---- Supplied data

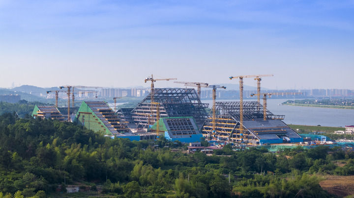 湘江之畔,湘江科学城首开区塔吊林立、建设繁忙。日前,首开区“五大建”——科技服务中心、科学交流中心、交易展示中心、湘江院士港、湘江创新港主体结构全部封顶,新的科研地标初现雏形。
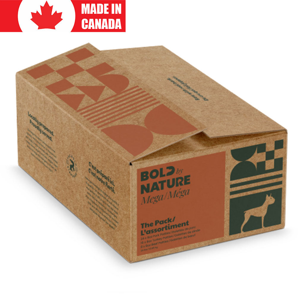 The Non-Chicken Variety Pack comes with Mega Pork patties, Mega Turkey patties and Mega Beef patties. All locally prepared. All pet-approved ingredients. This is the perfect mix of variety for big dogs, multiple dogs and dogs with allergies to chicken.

--------
---- Supplied data

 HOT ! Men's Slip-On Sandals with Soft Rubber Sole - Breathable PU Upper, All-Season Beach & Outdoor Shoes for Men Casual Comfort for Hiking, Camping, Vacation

--------

All pictures are to be skipped. Output, word for word, the lines in the data above starting at the line containing "湘江之畔,湘江科学城首开区塔" and ending at the line containing "The Non-Chicken Variety".

 湘江之畔,湘江科学城首开区塔吊林立、建设繁忙。日前,首开区“五大建”——科技服务中心、科学交流中心、交易展示中心、湘江院士港、湘江创新港主体结构全部封顶,新的科研地标初现雏形。
 The Non-Chicken Variety Pack comes with Mega Pork patties, Mega Turkey patties and Mega Beef patties. All locally prepared. All pet-approved ingredients. This is the perfect mix of variety for big dogs, multiple dogs and dogs with allergies to chicken.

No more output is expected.